Capítulo 2
Con el tiempo, él logró lo que quería. Terminó despojando a los Linares de su fortuna, encarceló a mi padre, mientras que a mí me sometió a innumerables humillaciones.

Hasta que un día, me encontré atrapada en un callejón sin salida, y, asustada, lo llamé.

Grité pidiéndole ayuda, pero solo recibí una respuesta indiferente.

—Sofía, ¿quién sabe qué trampa se te ha ocurrido esta vez? Si quieres echarte a perder, hazlo, pero lejos de mí.

Y así, tal y como él deseaba, me alejé de su vida.

Refugiada en un lugar donde no podía verme, luchaba por sobrevivir en la miseria. Sucia y desamparada, vivía peor que un perro callejero. Y no podía creer que él aún fuera a buscarme.

—Sofía, ¿qué fue lo que te pasó? —preguntó, aparentemente sorprendido por mi estado.

Acto seguido, se acercó y me abrazó sin preocuparse de manchar su caro traje, mientras algunos curiosos, que habían escuchado el alboroto, se acercaban a ver. Incluso, uno de ellos se atrevió a aconsejarlo:

—Señor, es mejor que se mantenga alejado de esa muchacha, parece que tiene algún problema mental.

—¿Problema mental? —preguntó, incrédulo.

—Sí, ha estado por aquí varios años y siempre actúa de la misma manera.

Al ver que me flaqueaban las piernas, Héctor no dudó y me levantó, llevándome consigo hacia el coche.

Muerta de miedo, abrí los ojos de par en par y me quedé completamente rígida, sin atreverme a luchar.

Una vez junto al auto, me lanzó en el asiento trasero y el aire se inundó de mi pestilente hedor.

Temblando, me pegué al marco de la puerta, sintiéndome incapaz de alzar la mirada, mientras la sensación de mis pantalones húmedos aumentaba mi temor.

Héctor jamás me había permitido que tocara sus cosas, pero, ahora, no solo había ensuciado su ropa, sino también su carro. ¡Debía estar furioso! Y yo no podía evitar temer a su mal humor.

Sin embargo, esta vez, Héctor no dijo nada, sino que simplemente encendió el motor y me llevó al hospital, en el que me hicieron varias pruebas. Tras lo cual me diagnosticaron con trastorno derivado del estrés.

—Sofía, ¿qué has pasado todos estos años? —preguntó él, tras soltar un suspiro, mientras sostenía el informe.

No respondí, y tampoco cooperé, por lo que, sin otra opción, no le quedó más remedio que llevarme de regreso a su lujosa mansión, la cual ya no era un hogar para mí. Por el contrario, se me antojaba como una fría prisión.

Aquella casa había sido un regalo de mi padre por nuestra boda, pero también había sido el lugar que había escogido el padre de Héctor para quitarse la vida.

Un miedo inmenso me oprimía la garganta, como si alguien pudiera matarme en cualquier momento, mientras Héctor me miraba con una mezcla de sentimientos y su mirada cargada de un evidente odio.

—Sofía, no creas que esto te librará de tus culpas, no es suficiente, está muy lejos de serlo.

Sin embargo, dejó de trabajar y se encargó de cuidar de mí.

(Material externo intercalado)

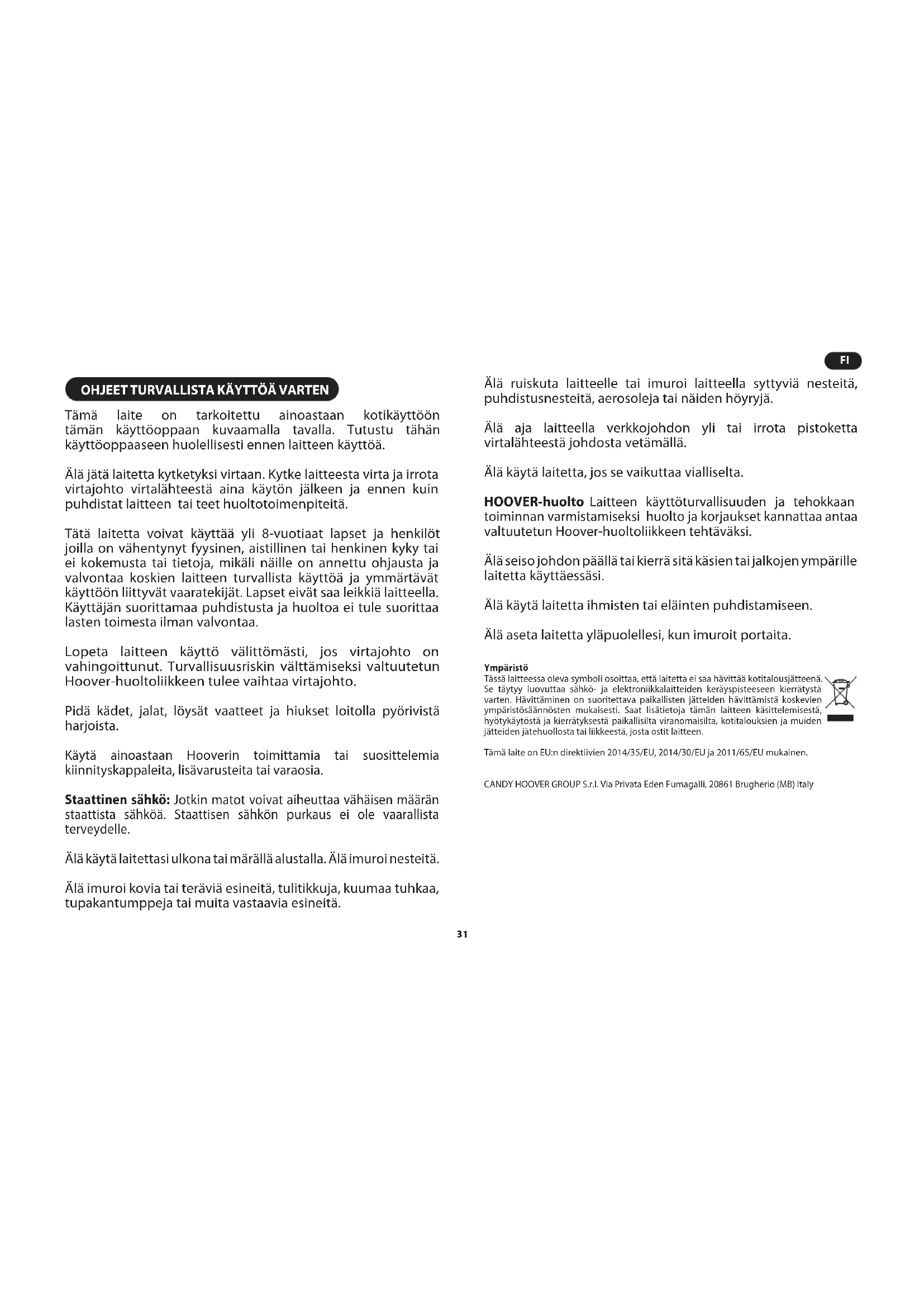 Tämä laite on tarkoitettu ainoastaan kotikäyttöön tämän käyttöoppaan kuvaamalla tavalla. Tutustu tähän käyttöoppaaseen huolellisesti ennen laitteen käyttöä. Älä jätä laitetta kytketyksi virtaan. Kytke laitteesta virta ja irrota virtajohto virtalähteestä aina käytön jälkeen ja ennen kuin puhdistat laitteen tai teet huoltotoimenpiteitä. Tätä laitetta voivat käyttää yli 8-vuotiaat lapset ja henkilöt joilla on vähentynyt fyysinen, aistillinen tai henkinen kyky tai ei kokemusta tai tietoja, mikäli näille on annettu ohjausta ja valvontaa koskien laitteen turvallista käyttöä ja ymmärtävät käyttöön liittyvät vaaratekijät. Lapset eivät saa leikkiä laitteella. Käyttäjän suorittamaa puhdistusta ja huoltoa ei tule suorittaa lasten toimesta ilman valvontaa. Lopeta laitteen käyttö välittömästi, jos virtajohto on vahingoittunut. Turvallisuusriskin välttämiseksi valtuutetun Hoover-huoltoliikkeen tulee vaihtaa virtajohto. Pidä kädet, jalat, löysät vaatteet ja hiukset loitolla pyörivistä harjoista. Käytä ainoastaan Hooverin toimittamia tai suosittelemia kiinnityskappaleita, lisävarusteita tai varaosia. Staattinen sähkö: Jotkin matot voivat aiheuttaa vähäisen määrän staattista sähköä. Staattisen sähkön purkaus ei ole vaarallista terveydelle. Älä käytä laitettasi ulkona tai märällä alustalla. Älä imuroi nesteitä. Älä imuroi kovia tai teräviä esineitä, tulitikkuja, kuumaa tuhkaa, tupakantumppeja tai muita vastaavia esineitä. Älä ruiskuta laitteelle tai imuroi laitteella syttyviä nesteitä, puhdistusnesteitä, aerosoleja tai näiden höyryjä. Älä aja laitteella verkkojohdon yli tai irrota pistoketta virtalähteestä johdosta vetämällä. Älä käytä laitetta, jos se vaikuttaa vialliselta. HOOVER-huolto Laitteen käyttöturvallisuuden ja tehokkaan toiminnan varmistamiseksi huolto ja korjaukset kannattaa antaa valtuutetun Hoover-huoltoliikkeen tehtäväksi. Älä seiso johdon päällä tai kierrä sitä käsien tai jalkojen ympärille laitetta käyttäessäsi. Älä käytä laitetta ihmisten tai eläinten puhdistamiseen. Älä aseta laitetta yläpuolellesi, kun imuroit portaita. Ympäristö Tässä laitteessa oleva symboli osoittaa, että laitetta ei saa hävittää kotitalousjätteenä. Se täytyy luovuttaa sähkö- ja elektroniikkalaitteiden keräyspisteeseen kierrätystä varten. Hävittäminen on suoritettava paikallisten jätteiden hävittämistä koskevien ympäristösäännösten mukaisesti. Saat lisätietoja tämän laitteen käsittelemisestä, hyötykäytöstä ja kierrätyksestä paikallisilta viranomaisilta, kotitalouksien ja muiden jätteiden jätehuollosta tai liikkeestä, josta ostit laitteen. Tämä laite on EU:n direktiivien 2014/35/EU, 2014/30/EU ja 2011/65/EU mukainen. CANDY HOOVER GROUP S.r.l. Via Privata Eden Fumagalli, 20861 Brugherio (MB) Italy32

Todo en aquel lugar seguía igual. Lo único que había cambiado era la actitud que Héctor tenía hacia mí.

Pero un buen cazador nunca se va detrás de una presa débil. Y sabía que su paciencia era temporal, como siempre lo había sido. Todo lo bueno que había hecho por mí siempre había tenido un precio.

Sin embargo, ahora, ya no podía pagar.

Mis nervios estaban a flor de piel y no me atrevía a relajarme. Y no podía comer… ni siquiera dormir en la cama. Después de todo, el padre de Héctor había muerto en esa misma habitación.

Por esto, cada vez que cerraba los ojos, no podía evitar imaginar la escena de su cuerpo sobre un gran charco de sangre.

Héctor no intentó persuadirme, y solo se limitaba a repetir el ciclo de llevarme comida y recoger los platos.

Sin embargo, después de unos días, ya no pude aguantar más. Mi vista comenzó a nublarse, el hambre y el sueño estaban haciendo mella en mí, y casi vomito el nulo contenido de mi estómago.

Finalmente, con las manos y pies débiles por la inanición, comencé a devorar la comida.

Quizás era porque hacía mucho que no probaba algo tan delicioso, pero comí tan rápido que casi me atraganté en varias ocasiones.

Después de saciarme, me encogí en el suelo y me quedé dormida.

Cuando Héctor regresó, lo que encontró fue un plato vacío, completamente limpio.

—Ya sabía que una persona como tú nunca se dejaría morir de hambre —rio con desdén, mientras yo, acurrucada en una esquina, me abrazaba las piernas, con la mirada baja, sin decir nada.